My usual devil-may-care confidence went a bit wobbly when I saw the photos of the willowy, beautiful, extremely Chinese ladies practising in their qipaos. And here's me, with my European curves, unremarkable features and distinctly un-Chinese face, hoping to join them.

I'd be like a goose amongst cranes.

Another spanner in the works is my shoddy grasp of the language- despite having studied Mandarin as a side-module at university for two years. It doesn't help that my Chinese friends have all been Cantonese-speakers and the Chinese side of my family speaks Hakka rather than Mandarin, but it's a poor excuse, even so. In fact, I studied Japanese for one year and for some bizarre reason excelled at it, while two years studying my heritage language bore slightly weaker results.

So here I am, wanting to be more involved in my own culture- but finding out that it's not my culture, after all- not really. In fact, it's starting to occur to me that my Chinese friends and family- or at least the people in Chinatown, Wing Yip or other places I frequent with a Chinese community- might actually see me as a bit of a White Girl Wannabe.

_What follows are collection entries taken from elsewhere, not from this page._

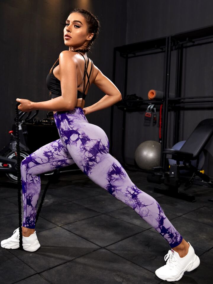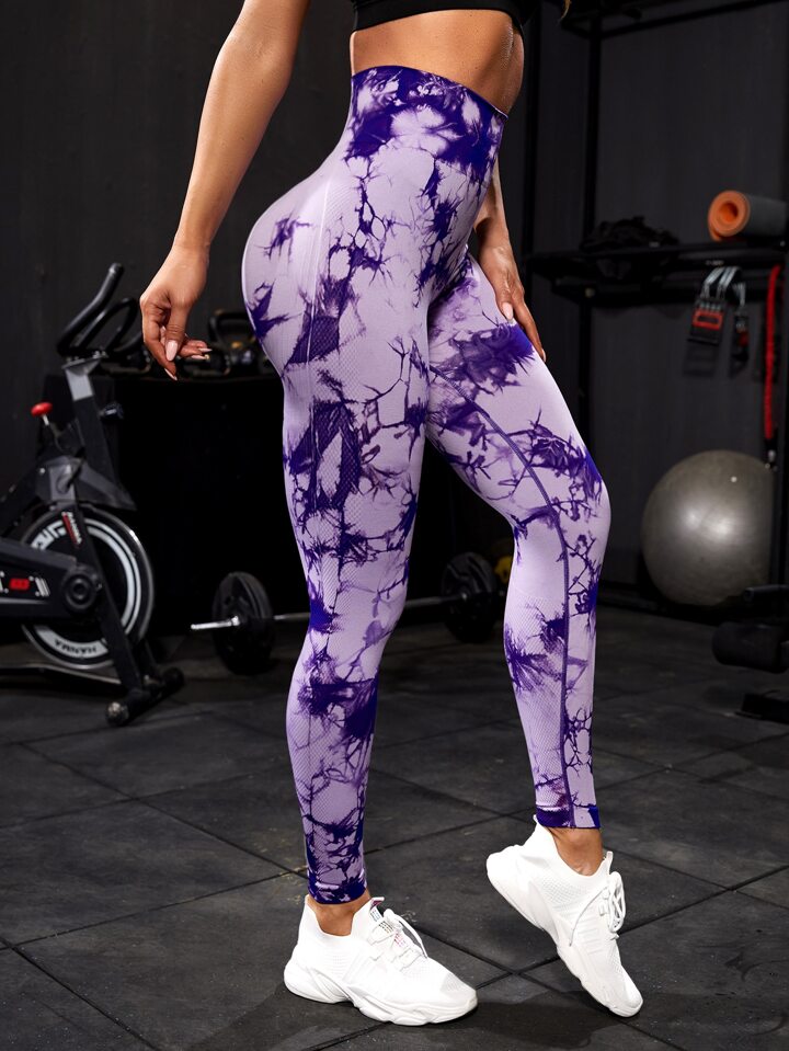 Tie Dye Yoga Leggings Seamless High Stretch Scrunch Butt Gym Leggings With Whipstitch Side
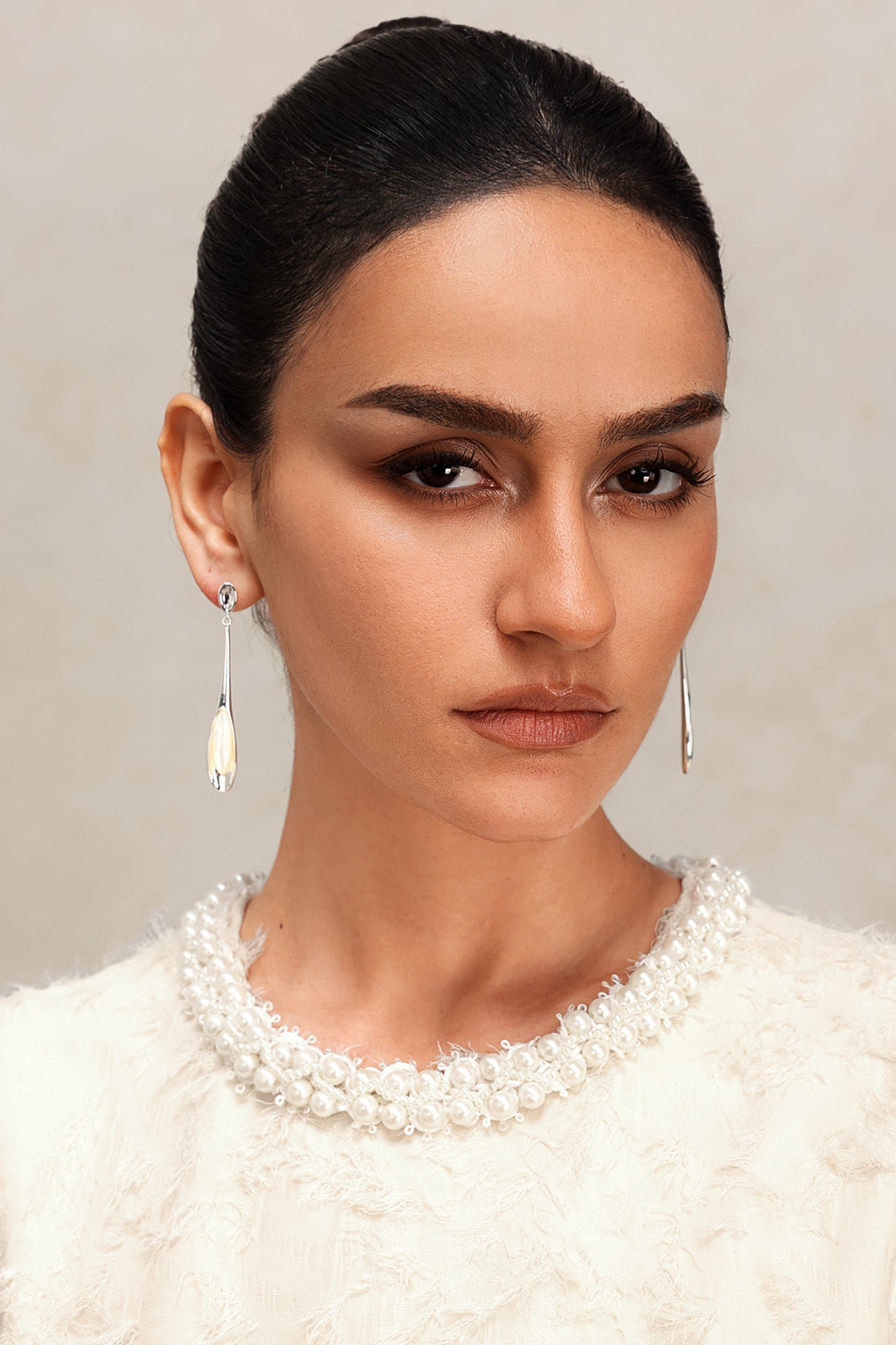 • Geometrik desenli Torill kabuk küpe, doğal tonlarında
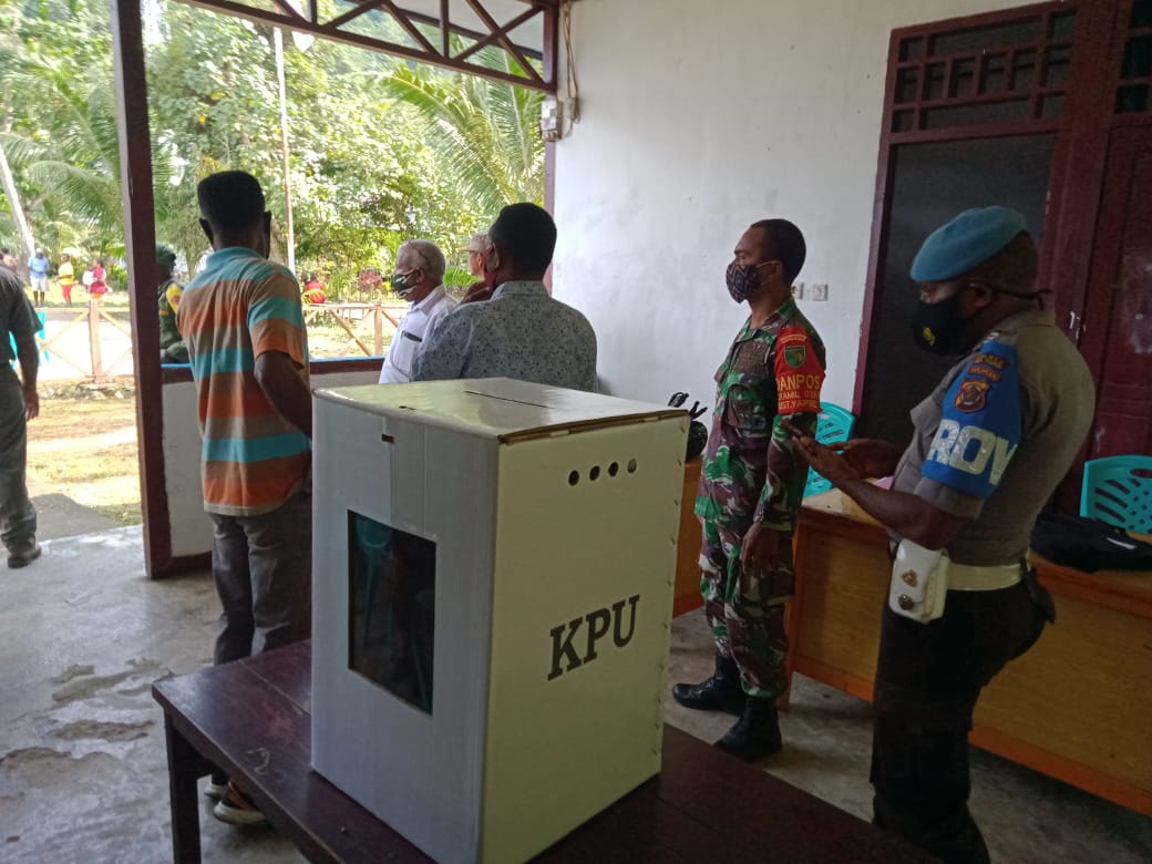 Yapen – Dalam rangka menjaga kelancaran, keamanan dan ketertiban jalannya pesta demokrasi tingkat kampung, anggota Koramil 1709-01/Yapsel bersama dengan personil Polsek Yapen Selatan melaksanakan pengamanan proses Pemungutan Suara Ulang (PSU) pemilihan Kepala Kampung Turu, Distrik Yapen Selatan, Kab. Kep. Yapen, Kamis (03/12/2020).
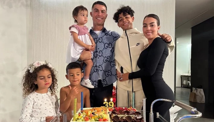 ৩৯তম জন্মদিনের পরদিন (গতকাল) রোনালদো দিনটি উদ্যাপন করেছেন পরিবারের সঙ্গে। টেবিলের ওপর সাজানো ছিল জন্মদিনের কেক তিনটি। ৩৯ সংখ্যার ৩ ও ৯ অঙ্ক দুটি বসানো ছিল দুই কেকে। দুটো অঙ্কই ছিল হলুদ রঙের। দুটির ওপরেই ছিল মোমবাতি। জন্মদিনের কেক তিনটির সামনে দাঁড়িয়ে সঙ্গিনী জর্জিনা রদ্রিগেজ ও সন্তানদের সঙ্গে ছবি তুলে সামাজিক মাধ্যমে পোস্ট করেন রোনালদো।
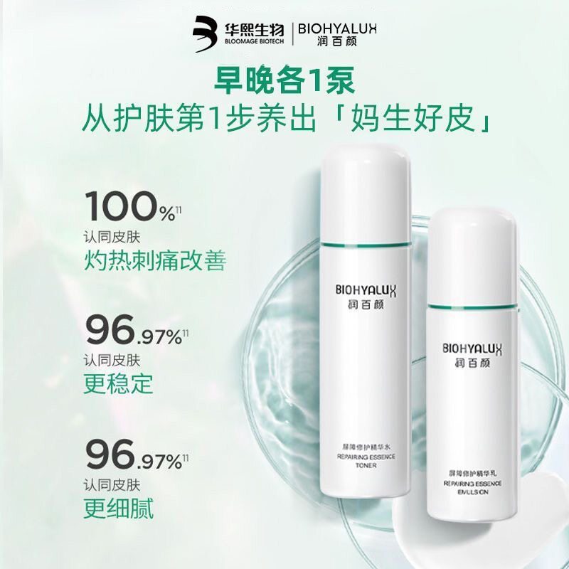护肤套装 100g敏感肌补水保湿 120ml 润百颜屏障修护水乳白纱布套装
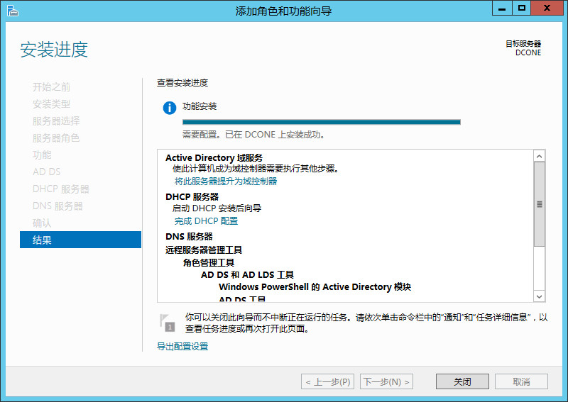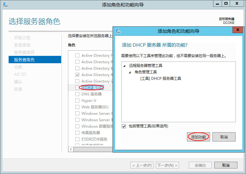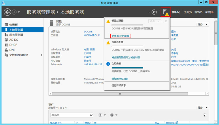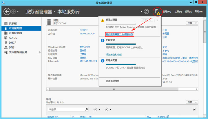 4.接下來需要把這臺DCONE提升為域控制器,且完成DHCP的簡單配置。

Only even without the Chinese side, I'm not really a White Girl, either.

So where the bloody hell do I belong?

I'll never find a community I can fully fit into- it's in the nature of being mixed race, after all, and I think I've forgotten this somewhere along the way. In the meantime, I'll continue to enjoy eating lots of different types of food and learning about my different heritages: and every time someone finds out for the first time that I'm half-Chinese and that my middle name is Ching, and responds with stark disbelief, I'll just have to get over it.

Perhaps I will ask about that dance group- perhaps not. I definitely want to take up Mandarin again (and Japanese while I'm at it- no sense in letting my knack for it go to waste...) I just wish I were as blissfully unaware of my 'unwholeness' as I was before. I suppose I'll just have to find a new level of accepting myself, and not caring about what other people think.

And yes, my middle name really is Ching.